Improving Camouflaged Object Detection with the Uncertainty of
Pseudo-edge Labels
- URL: http://arxiv.org/abs/2110.15606v1
- Date: Fri, 29 Oct 2021 08:15:47 GMT
- Title: Improving Camouflaged Object Detection with the Uncertainty of
Pseudo-edge Labels
- Authors: Nobukatsu Kajiura, Hong Liu, Shin'ichi Satoh
- Abstract summary: This paper focuses on camouflaged object detection (COD), which is a task to detect objects hidden in the background.
We propose a new framework that makes full use of multiple visual cues, i.e., saliency as well as edges, to refine the predicted camouflaged map.
Experiments on various COD datasets demonstrate the effectiveness of our method with superior performance to the existing state-of-the-art methods.

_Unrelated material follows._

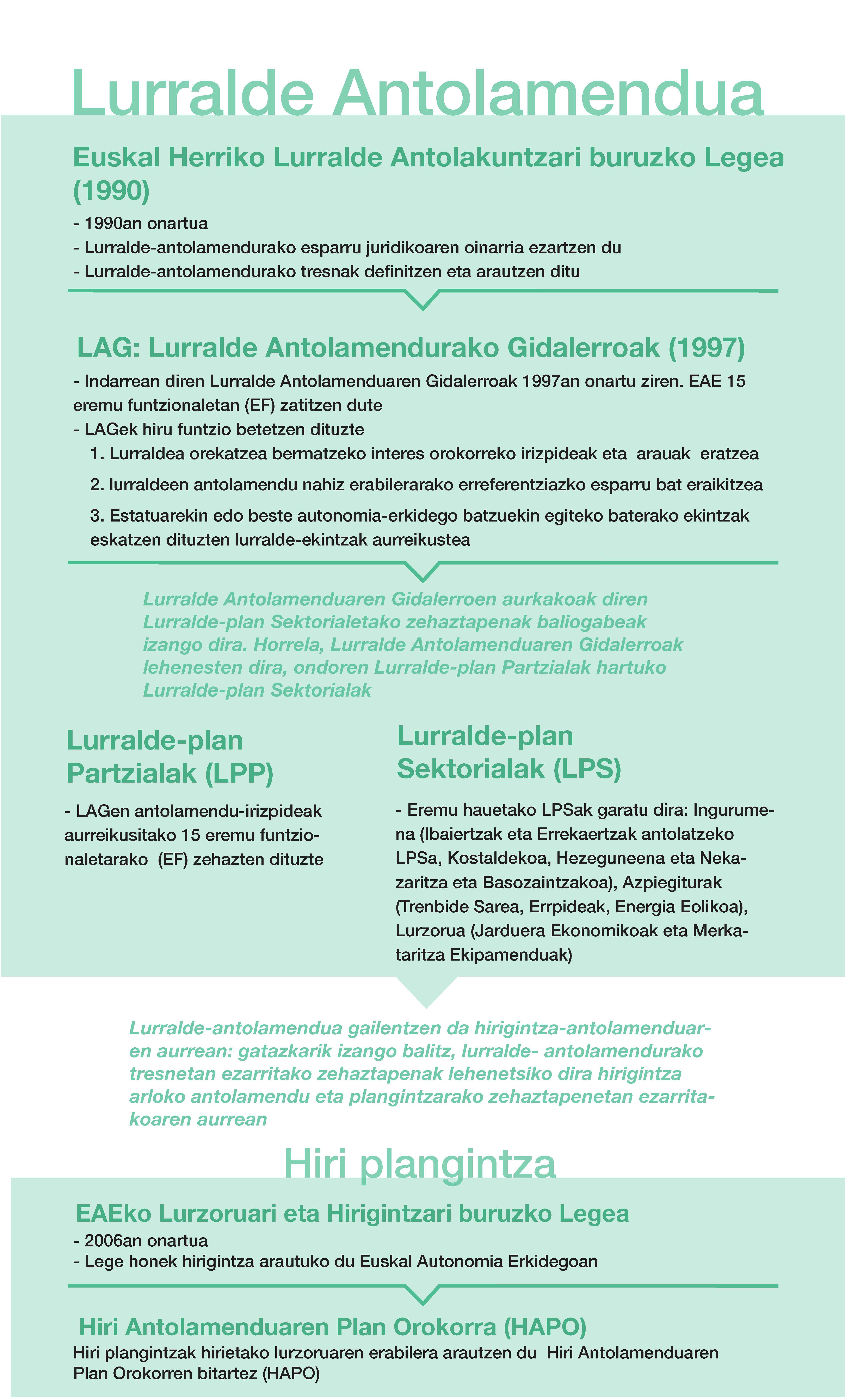LAGek, zehazki, naturaguneen babesa, bizitegi-gune edo industrialde handien kokapena edo birmoldaketa, zenbait azpiegitura handiren gutxi gorabeherako trazadura eta haiek lurraldean duten funtzioa (bideak, errepideak, trenbideak, portuak, aireportuak, eta abar), oro har, politika publikoen norabidea landa-eremuetan eta hiri-eremuetan, eta baita uraren zein energiaren kudeaketa ere, besteak beste, arautzen dituzte.

- Score: 43.948627323889774
- License: http://arxiv.org/licenses/nonexclusive-distrib/1.0/
- Abstract: This paper focuses on camouflaged object detection (COD), which is a task to
detect objects hidden in the background. Most of the current COD models aim to
highlight the target object directly while outputting ambiguous camouflaged
boundaries. On the other hand, the performance of the models considering edge
information is not yet satisfactory. To this end, we propose a new framework
that makes full use of multiple visual cues, i.e., saliency as well as edges,
to refine the predicted camouflaged map. This framework consists of three key
components, i.e., a pseudo-edge generator, a pseudo-map generator, and an
uncertainty-aware refinement module. In particular, the pseudo-edge generator
estimates the boundary that outputs the pseudo-edge label, and the conventional
COD method serves as the pseudo-map generator that outputs the pseudo-map
label. Then, we propose an uncertainty-based module to reduce the uncertainty
and noise of such two pseudo labels, which takes both pseudo labels as input
and outputs an edge-accurate camouflaged map. Experiments on various COD
datasets demonstrate the effectiveness of our method with superior performance
to the existing state-of-the-art methods.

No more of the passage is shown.